Bring me time to you
For both stay-at-home moms and working moms, it can feel almost impossible to leave the house or get enough time to away from the kids to really recharge. Stay-at-home moms might feel like their entire day is spent cleaning and feeding kids, only to find they are too exhausted to go anywhere for “me time,” and working moms might feel like there are literally no other hours in the day to do anything for themselves.
That’s why a service like the Cozy Reader Club subscription box is so important — it brings me time to you and in a way, forces you to take that time for yourself, which we all know is so important. I can’t tell you how many times I’ve been tempted to let my own self-care slide, only to find that box on my doorstep. Just seeing that box brings me happiness and reminds me that I am worth investing time and attention in, too, not just the rest of my family. If you know that you have a tendency to put yourself absolutely dead last, to the point that me time is never happening for you, you definitely want to consider having someone else in charge of making sure your me time happens for the month.
Take time to figure out what kind of me time is important to you
I have girlfriends who get their nails done without fail every single week, friends who tuck themselves into bed at 8:30 PM without apology, and friends who couldn’t live without their standing monthly hair appointment.

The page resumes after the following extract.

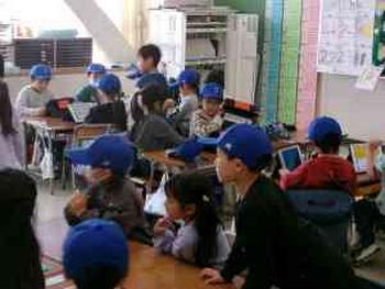 朝の時間、突然流れた訓練放送に、子どもたちは驚きながらも状況をよく判断し、落ち着いて行動しようとする姿が見られました。
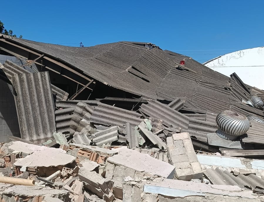 Testemunhas afirmam que o imóvel estava prestes a ser demolido, e imagens mostram a extensão dos danos, com grande parte do teto espalhada pelo chão.

Everyone has that “one thing” that they do to make themselves feel good and that thing is different for all of us. Me? I just don’t get a lot of happiness from painted nails, but a gym membership and a good book = things I feel good about putting money towards because I know they mean a happier, healthier me. Take some time to figure out what your thing is and make no apologies for what fuels you. Knowing what your me time is, is the first step to making sure it will happen.
Milk the little moments
Here’s one of my biggest secrets to sneaking in mom time when I honestly don’t have any time. I’m the sole parent responsible for taking my kids to school, picking them up, doing all the housework, grocery shopping, laundry, managing our lives, and um, working full-time from home with four kids. So, trust me when I say I get that it’s hard. I totally get it.
Because I get it and I’m right there with you, I rely on small little tricks and tips to sneak in the time I need to get energized and to get work done. One of my go-to’s is to have a handful of activities I can pull out only when I’m on my last straw and I know I need a minute or I will explode. I keep a stash of giant coloring pages and crayons, a huge roll of paper that will cover the entire table, and a special craft cupboard (I pick up those clearance art projects anytime I go to the store!) just for those occasions, set the kids up, and then go crash somewhere. Another friend I know keeps a special basket of toys in a closet and only brings it out for those special times when she needs a moment, which I thought was totally genius.
Another go-to I use a lot is to build in a little extra time whenever we have to go somewhere. I might load the kids up, get to our destination early, and use that ten minutes to read a little, return emails, or even do absolutely nothing but sip my coffee and sit.
Sometimes, a mom has gotta do what a mom has gotta do to find that elusive “me time” in her day, but when you do find it, you realize it’s something we all need more of.
What’s your favorite way to spend your “me time”?